— Хе-хе, — заныл он, со свистом дыша. — А недурная попка попалась Дедушке-то! Ху, хууу, давненько, давненько Дедушка таких не пользовал.
Цири, чувствуя отвратительное прикосновение его сухой когтистой руки, взвизгнула, сплевывая песок и иголки.
— Лежи спокойно, девка. — Она слышала, как он сопит, слюнявит, треплет ее ягодицы. — Дедушка уже немолод, не сразу, помаленьку… Но не пугайся. Дедушка сделает, что требуется, хе-хе! А потом Дедушка перекусит, хе-хе, перекусит сытненько…
Он осекся, зарычал и завизжал.
Чувствуя, что хватка ослабевает, Цири дернулась, вырвалась и вскочила, словно распрямляющаяся пружина. И увидела, что произошло.
Кэльпи, подкравшись тихарем, схватила Старичка-Лесовичка зубами за косичку на затылке и почти подняла в воздух. Старик выл и визжал, дергался, размахивал и дрыгал ногами, наконец сумел-таки вырваться, оставив в зубах кобылы длинный седой клок волос. Вознамерился было схватить свою клюку, но Цири пинком выбила ее за пределы досягаемости. Вторым пинком она собралась угостить его в соответствующее место, но движения сдерживали брюки, стянутые до середины бедер.
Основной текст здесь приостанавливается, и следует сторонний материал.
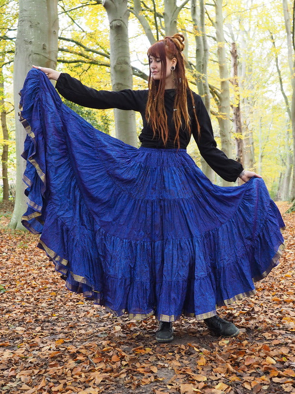 Zijden Gypsy rok Bizar gave vrouwelijke Gypsy, Bohemian kleurrijke rok gemaakt van Upcycled Sari Zijde. Ontzettend mooi! Door de lichtval is de kleur van de... Lees meer
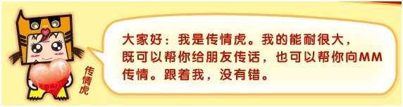 传情虎:这只老虎神通广大,不但会帮你跟跟兄弟传话,也会帮你与心仪的MM传情。大声说出你的心声,让8000万盛大玩家知道你的心里话,让8000万盛大玩家共同帮你圆梦。
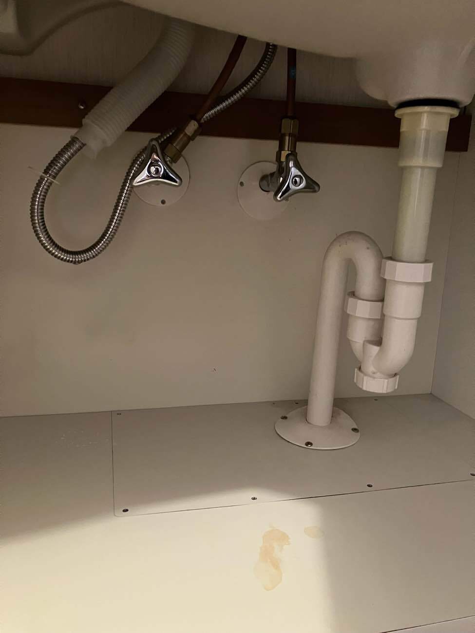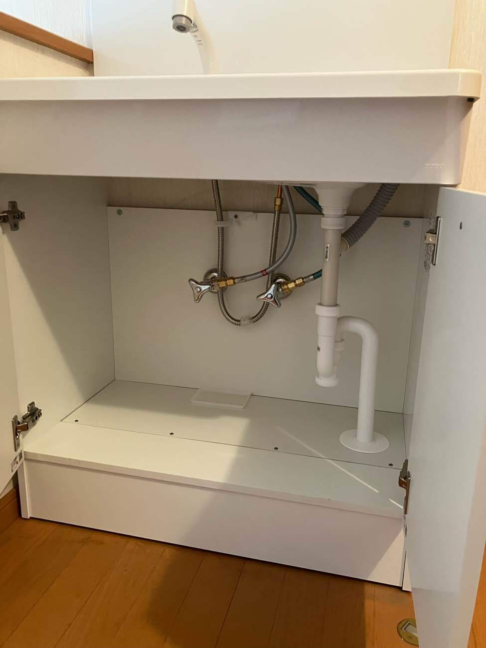 長年使用されてきた洗面台で、排水ホースからの水漏れが発生しており、使いづらさや老朽化も気になっていたとのこと。
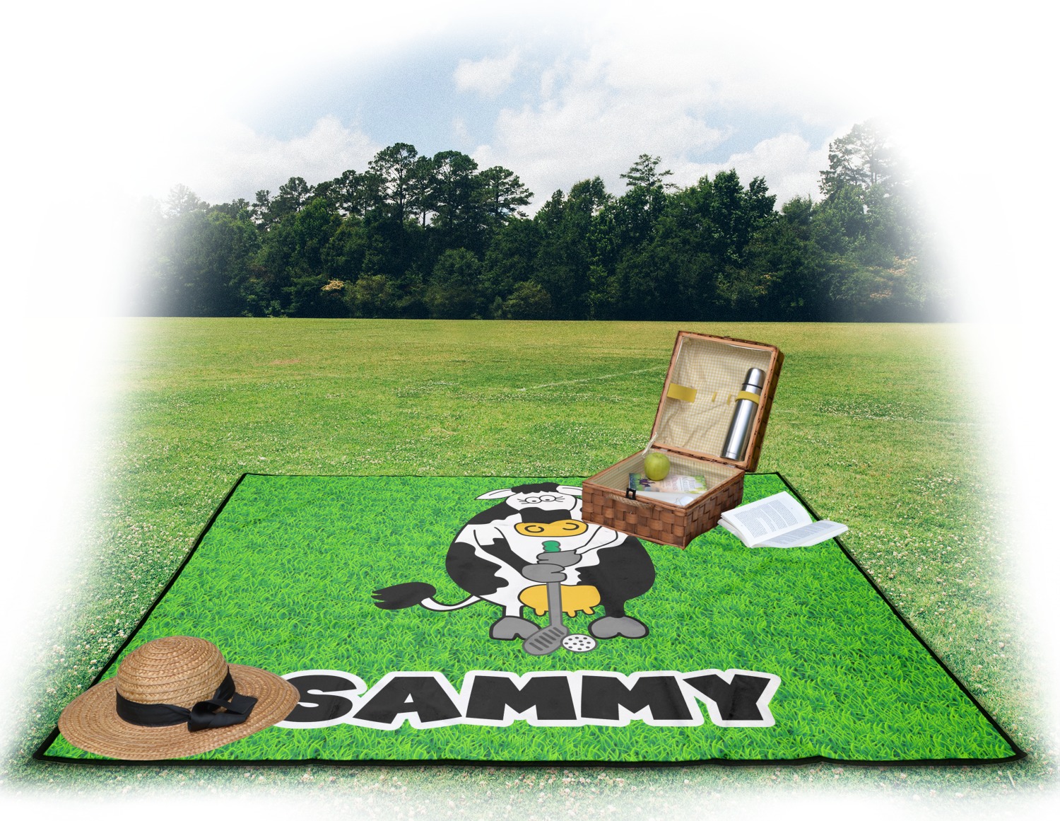 This picnic blanket is perfect for hanging out with your friends at the park or anywhere outside. The top of the blanket is made of a super soft microfiber fleece. The bottom of the blanket is made of a black material similar to a rain jacket and is water repellent as well. This will keep any wet spots on the ground from soaking through your picnic blanket. No one likes a wet blanket. The blanket measures at approximately 50" x 59" and has a nicely finished ribbon edge.
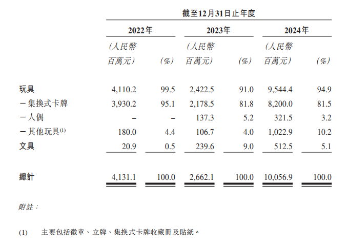 从收入贡献看,集换式卡牌在2022年贡献95.1%,2023年为81.8%,2024年为81.5%,占比下降不改变其仍为第一大收入来源这一事实。这背后含义或并非简单的去单一化成功,数据仍然表明其高度依赖核心品类,同时在边缘品类中寻找缓冲。
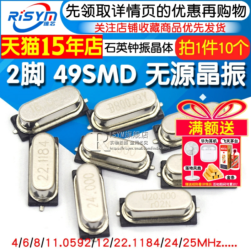 贴片晶振8M 49SMD 无源晶振 8MHz 11.0592 12 16 20石英钟振晶体
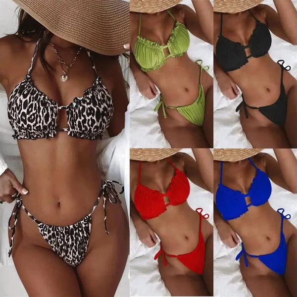 Раздельные сплошные цветные бикини с низкой талией

Время, ушедшее на то, чтобы их подтянуть, Лесовик использовал превосходно. Он несколькими прыжками подскочил к пеньку, вырвал топор, взмахом отогнал все еще не успокоившуюся Кэльпи, зарычал, выставил вперед страшные зубищи и кинулся на Цири, воздевая оружие для удара.
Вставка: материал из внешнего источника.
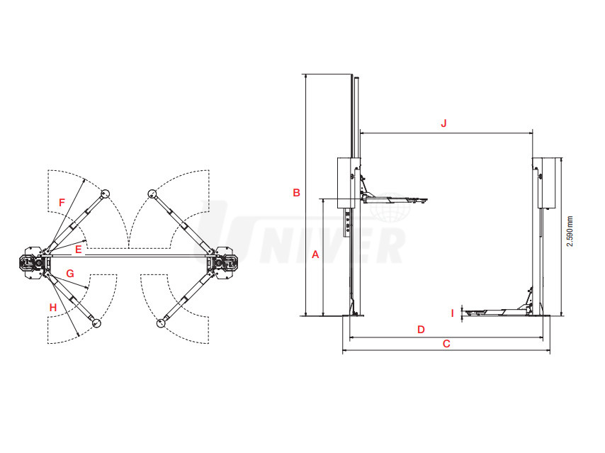 | Průjezdná šířka zvedáku (D) | 2590 mm |
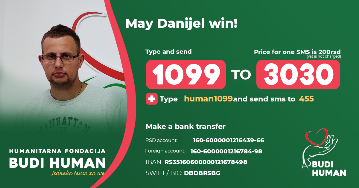 raises funds for Danijel Obućina (1988).
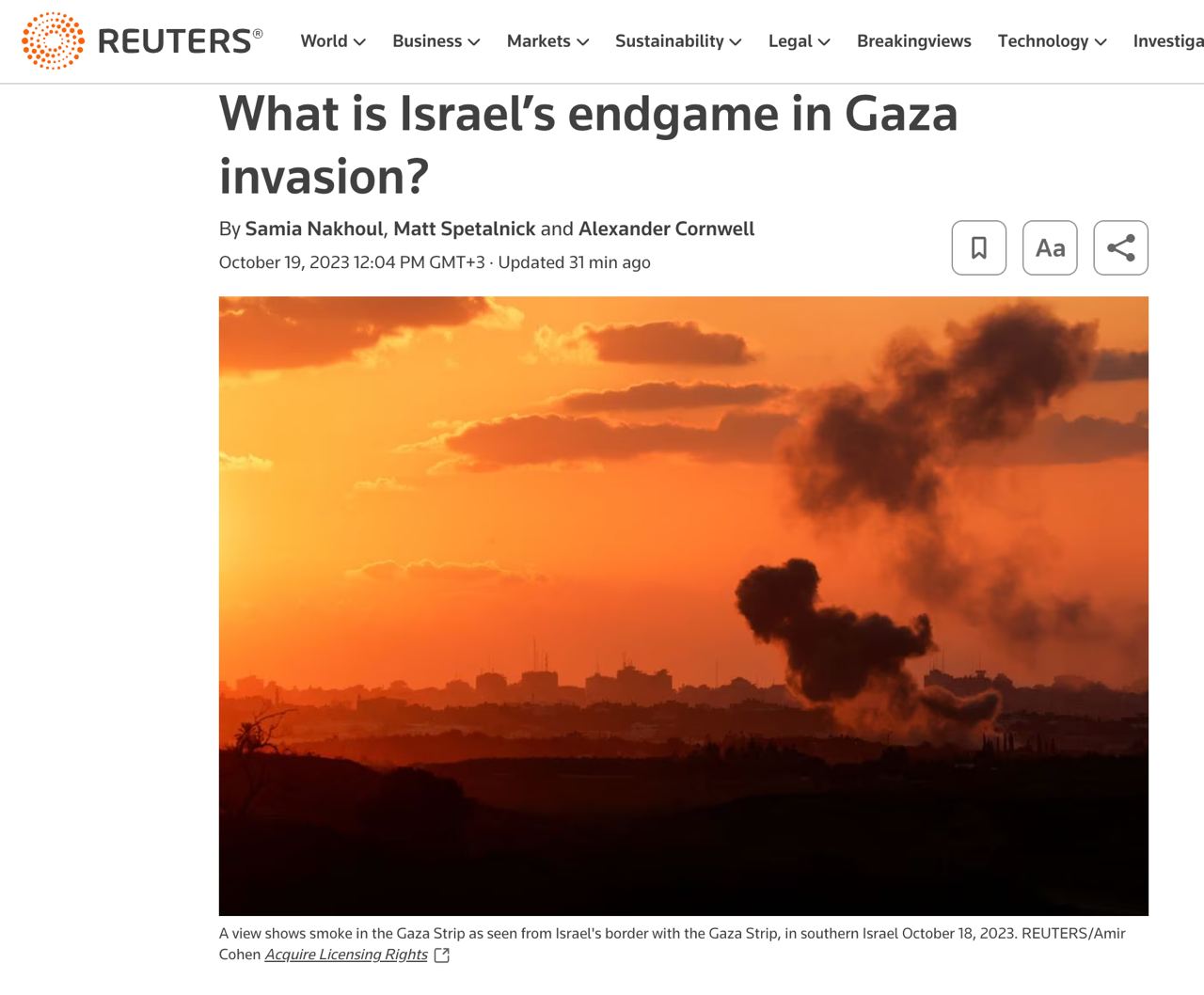 Ізраїльські чиновники анонімно заявили, що вони не мають чіткого уявлення про те, як може виглядати повоєнне майбутнє Гази. США стурбовані відсутністю цього плану. Післявоєнний план для сектору Газа обговорювався, крім інших тем, під час візитів до Ізраїлю держсекретаря Ентоні Блінкена та міністра оборони Ллойда Остіна минулого тижня.

— Я оттрахаю тебя, девка, — дико завыл он. — Даже если мне вначале придется разрубить тебя на кусочки! Деду — все едино: целиком или по порциям!
Она думала, что справится с ним запросто. В конце концов, это был всего лишь старый, дряхлый старикан. О, не тут-то было!
Несмотря на чудовищной величины лапти, он крутился волчком, скакал не хуже кролика, а топором с гнутым топорищем размахивал с ловкостью рубщика. После того как темное наточенное острие несколько раз чуть не скользнуло по ней, Цири поняла, что единственное ее спасение — бегство.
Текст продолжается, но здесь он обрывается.